━━ Listed records
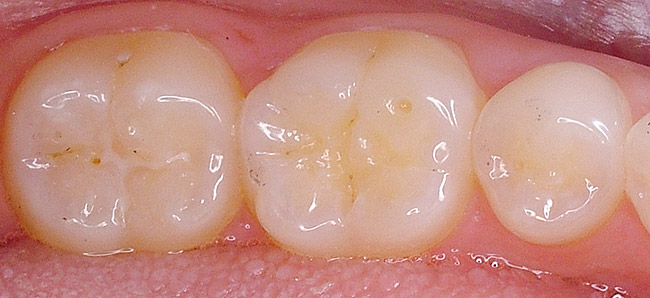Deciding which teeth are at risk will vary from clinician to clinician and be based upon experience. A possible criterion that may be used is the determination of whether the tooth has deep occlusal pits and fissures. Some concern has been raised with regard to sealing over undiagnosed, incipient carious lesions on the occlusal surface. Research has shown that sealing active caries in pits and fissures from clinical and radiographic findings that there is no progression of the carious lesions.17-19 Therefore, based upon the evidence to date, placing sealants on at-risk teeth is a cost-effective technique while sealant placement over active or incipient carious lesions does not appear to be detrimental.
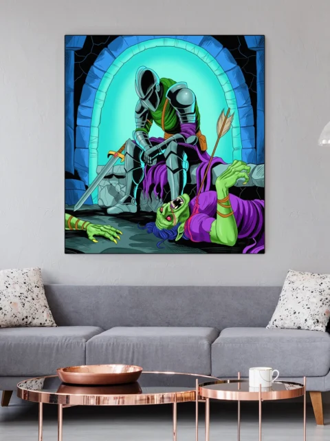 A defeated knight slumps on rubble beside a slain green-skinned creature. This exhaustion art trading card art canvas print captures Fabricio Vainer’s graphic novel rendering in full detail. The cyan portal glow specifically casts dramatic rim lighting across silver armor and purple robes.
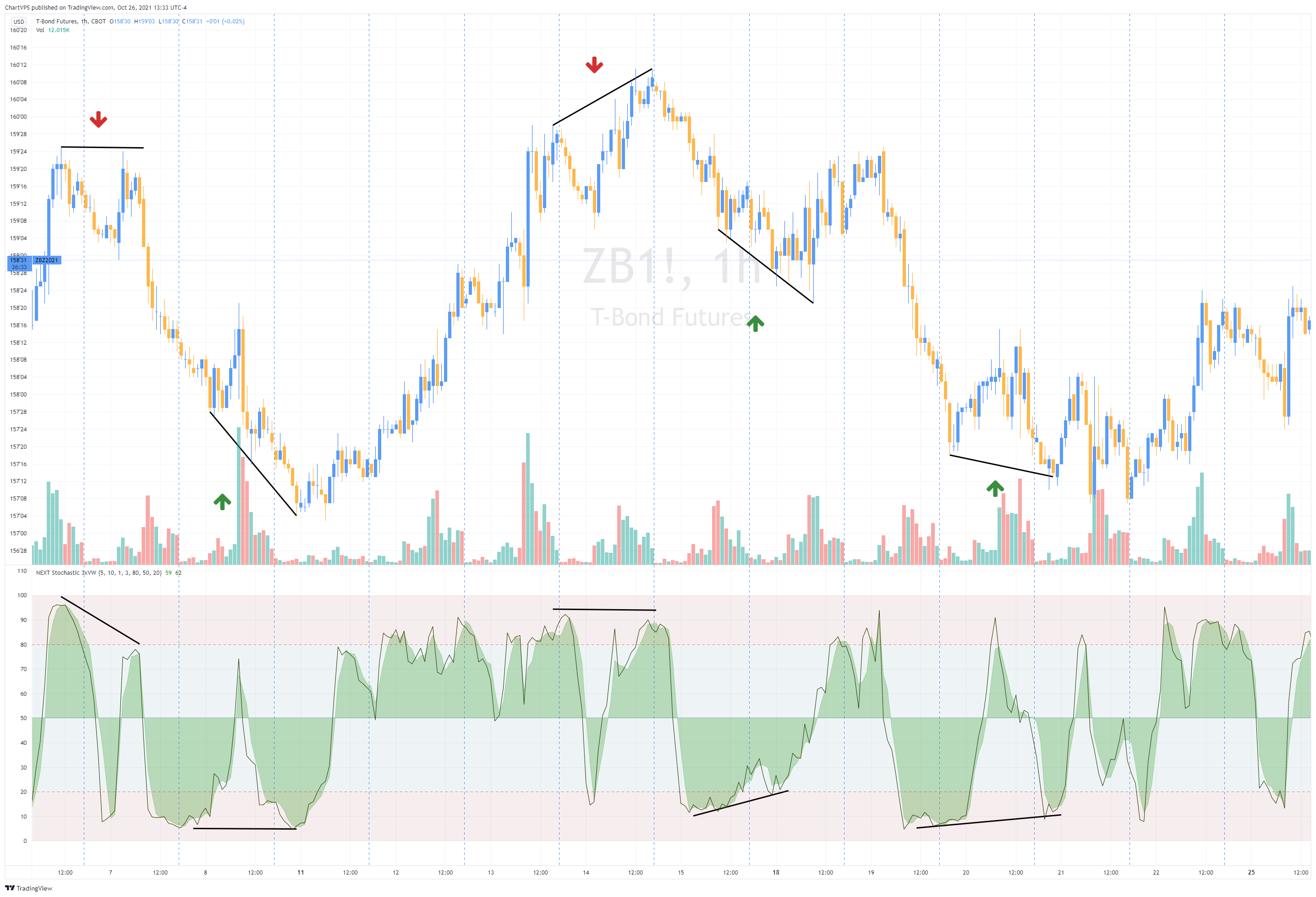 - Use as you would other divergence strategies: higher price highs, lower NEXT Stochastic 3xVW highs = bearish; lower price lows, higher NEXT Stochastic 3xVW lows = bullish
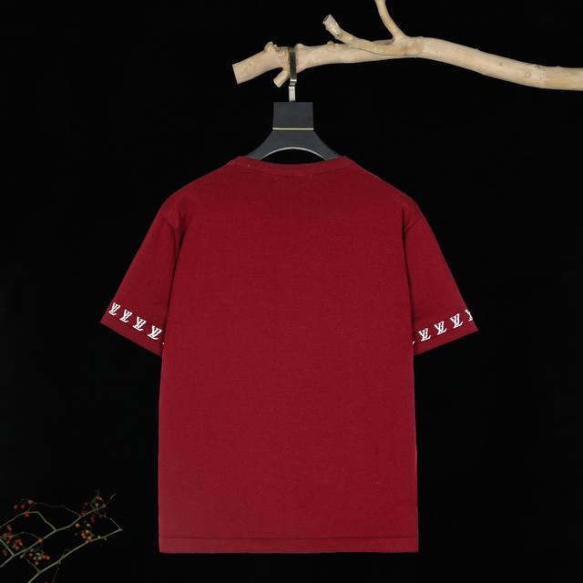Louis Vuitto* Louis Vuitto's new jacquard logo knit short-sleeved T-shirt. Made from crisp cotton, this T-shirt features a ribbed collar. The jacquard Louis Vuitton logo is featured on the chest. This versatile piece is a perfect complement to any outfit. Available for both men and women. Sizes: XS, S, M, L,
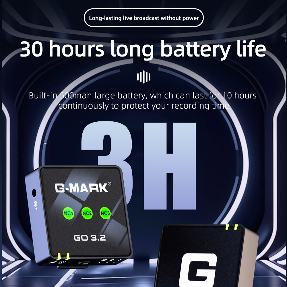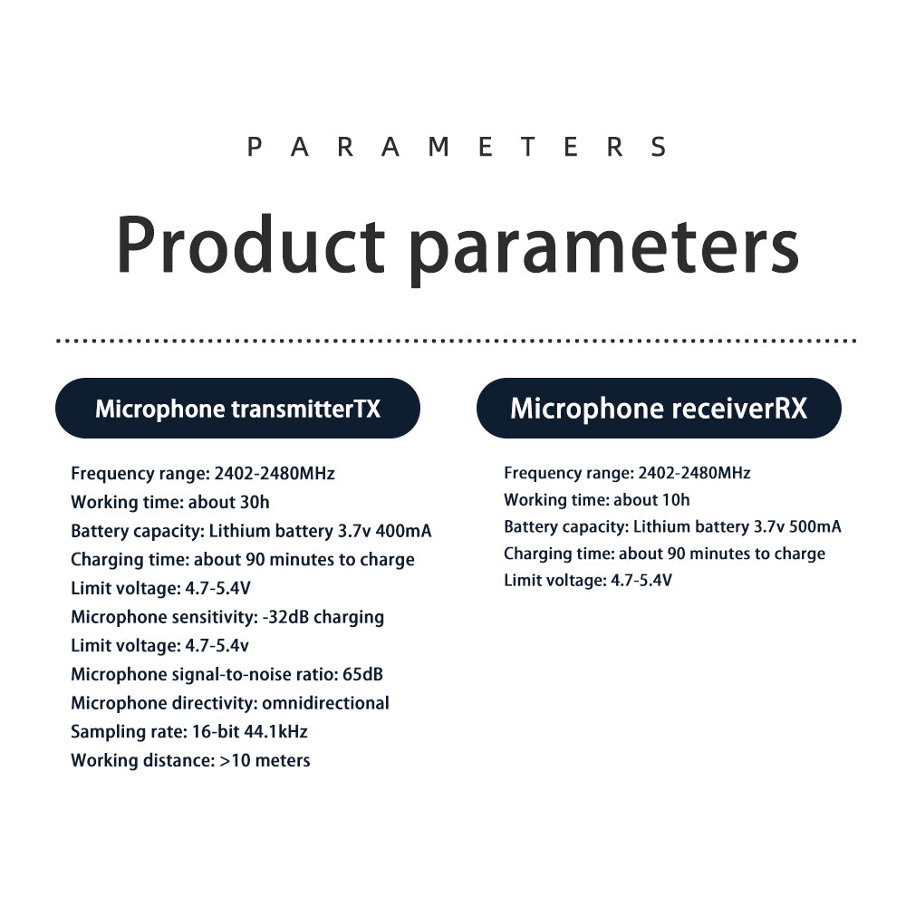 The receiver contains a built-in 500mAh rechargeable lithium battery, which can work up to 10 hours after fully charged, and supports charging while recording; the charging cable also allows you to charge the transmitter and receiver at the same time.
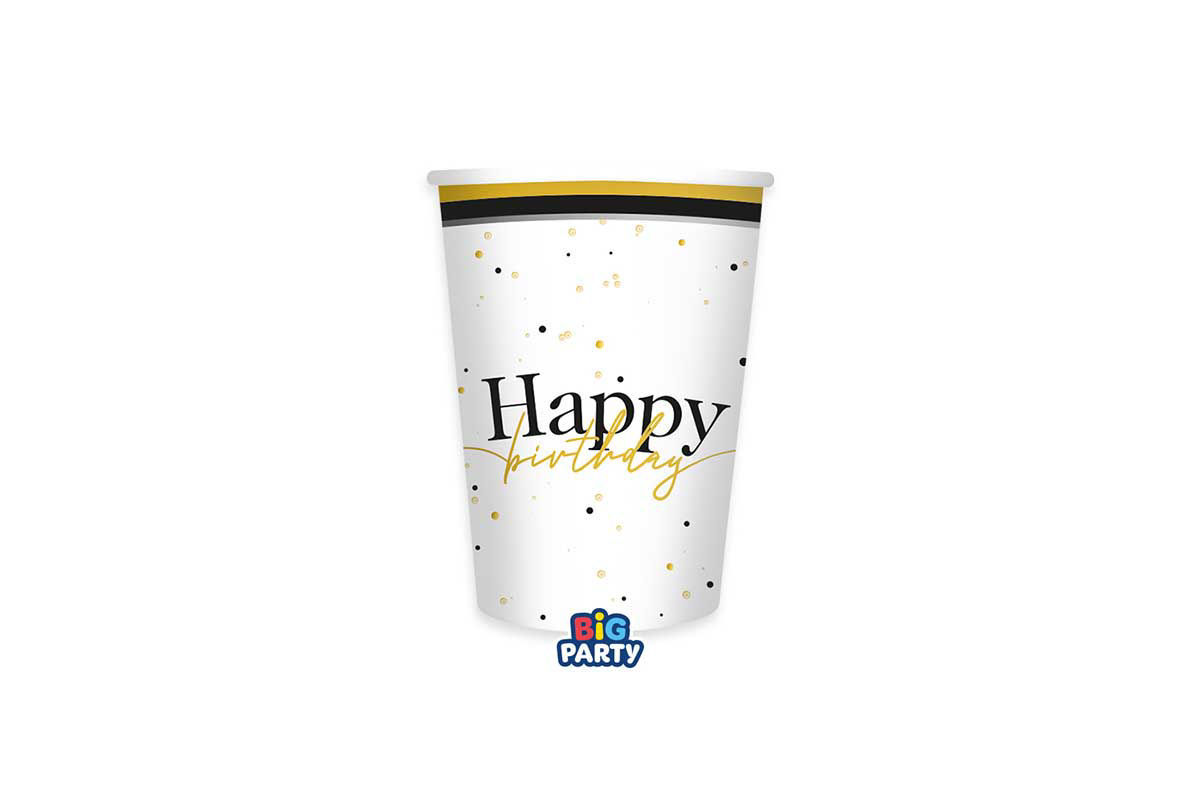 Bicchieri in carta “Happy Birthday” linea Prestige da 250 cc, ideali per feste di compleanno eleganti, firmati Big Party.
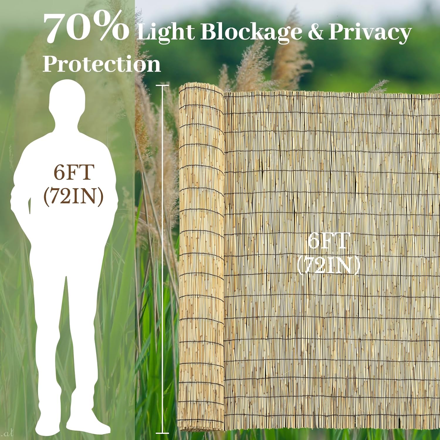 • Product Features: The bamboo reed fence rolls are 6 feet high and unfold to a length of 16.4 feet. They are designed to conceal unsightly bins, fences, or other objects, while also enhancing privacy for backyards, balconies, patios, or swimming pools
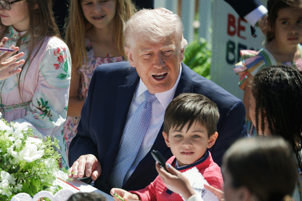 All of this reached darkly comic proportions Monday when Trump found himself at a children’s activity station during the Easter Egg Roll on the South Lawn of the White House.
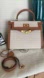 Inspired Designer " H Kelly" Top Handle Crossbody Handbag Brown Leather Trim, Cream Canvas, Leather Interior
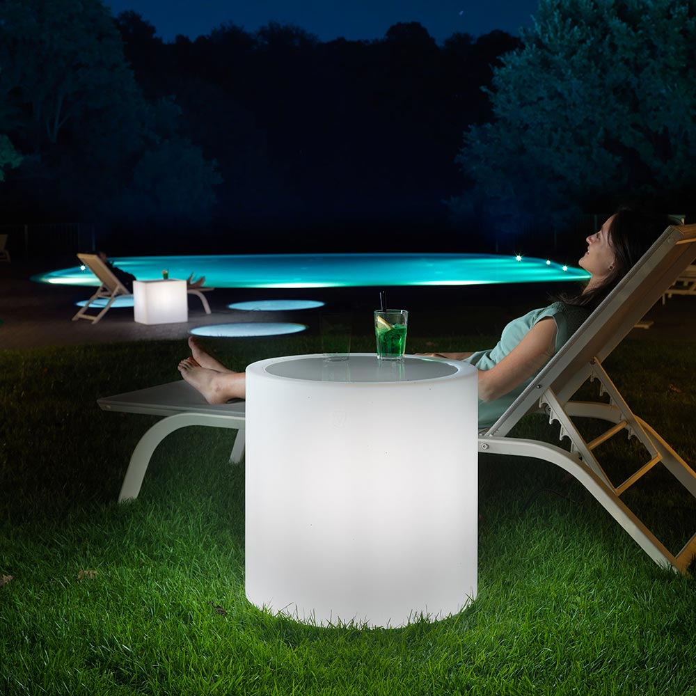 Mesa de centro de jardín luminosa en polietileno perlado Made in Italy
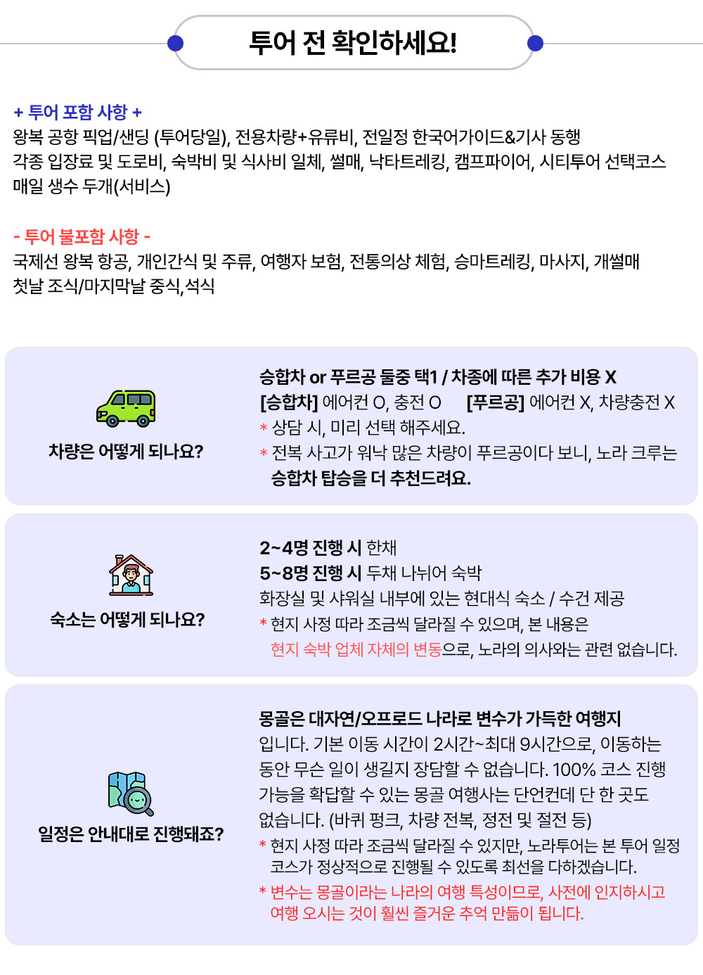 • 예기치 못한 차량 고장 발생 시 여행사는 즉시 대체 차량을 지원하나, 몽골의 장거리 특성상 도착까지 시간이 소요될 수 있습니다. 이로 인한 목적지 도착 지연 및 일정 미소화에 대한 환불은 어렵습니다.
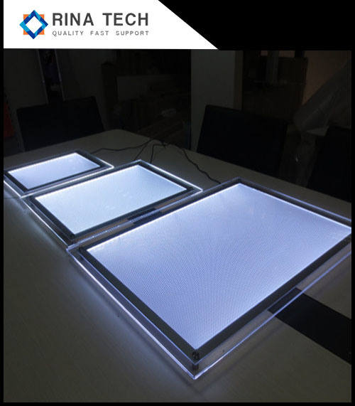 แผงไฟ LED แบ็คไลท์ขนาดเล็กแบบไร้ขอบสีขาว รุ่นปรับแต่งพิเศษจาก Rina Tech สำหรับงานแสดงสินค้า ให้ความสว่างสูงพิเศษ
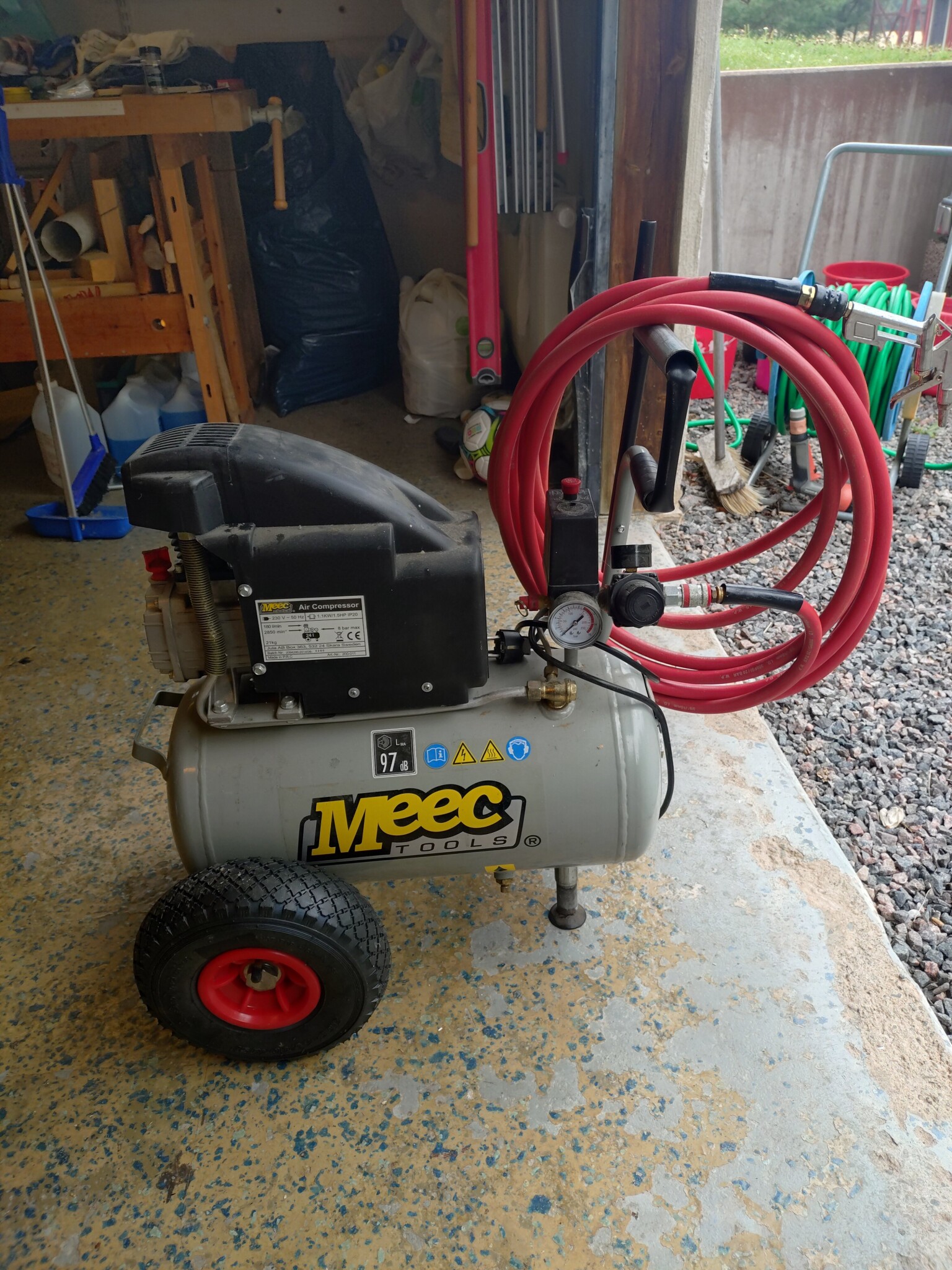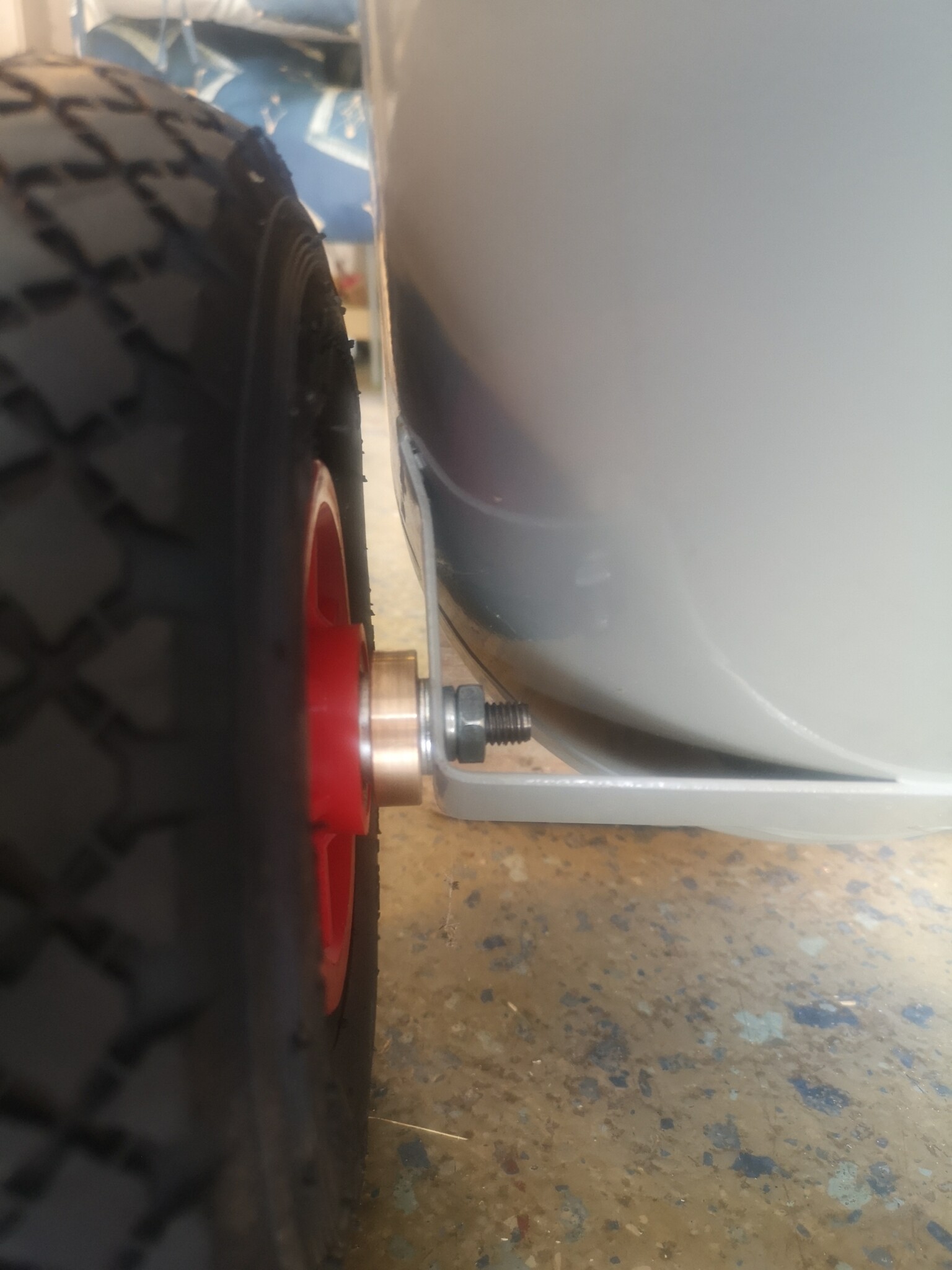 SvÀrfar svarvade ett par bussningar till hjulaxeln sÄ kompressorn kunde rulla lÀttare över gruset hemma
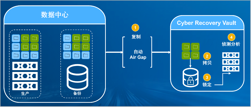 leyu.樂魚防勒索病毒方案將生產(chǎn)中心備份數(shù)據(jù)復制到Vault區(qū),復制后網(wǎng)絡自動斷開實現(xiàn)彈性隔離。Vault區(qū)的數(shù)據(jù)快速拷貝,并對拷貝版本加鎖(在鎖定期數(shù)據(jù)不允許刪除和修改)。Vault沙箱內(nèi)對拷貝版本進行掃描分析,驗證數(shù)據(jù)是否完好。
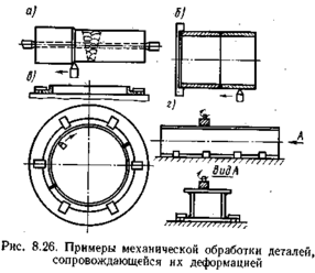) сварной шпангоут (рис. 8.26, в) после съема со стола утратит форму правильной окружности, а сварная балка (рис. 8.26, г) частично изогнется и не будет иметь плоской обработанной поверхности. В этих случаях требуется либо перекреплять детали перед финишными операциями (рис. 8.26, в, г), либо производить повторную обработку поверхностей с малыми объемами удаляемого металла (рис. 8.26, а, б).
━━━━
To do:
From the records above, return exactly the lines running from the one that contains "Canvas, Leather Interior" down to the one that contains "SvÀrfar svarvade ett", both included, without any pictures.

Your response:
 Inspired Designer " H Kelly" Top Handle Crossbody Handbag Brown Leather Trim, Cream Canvas, Leather Interior
 Mesa de centro de jardín luminosa en polietileno perlado Made in Italy
 • 예기치 못한 차량 고장 발생 시 여행사는 즉시 대체 차량을 지원하나, 몽골의 장거리 특성상 도착까지 시간이 소요될 수 있습니다. 이로 인한 목적지 도착 지연 및 일정 미소화에 대한 환불은 어렵습니다.
 แผงไฟ LED แบ็คไลท์ขนาดเล็กแบบไร้ขอบสีขาว รุ่นปรับแต่งพิเศษจาก Rina Tech สำหรับงานแสดงสินค้า ให้ความสว่างสูงพิเศษ
 SvÀrfar svarvade ett par bussningar till hjulaxeln sÄ kompressorn kunde rulla lÀttare över gruset hemma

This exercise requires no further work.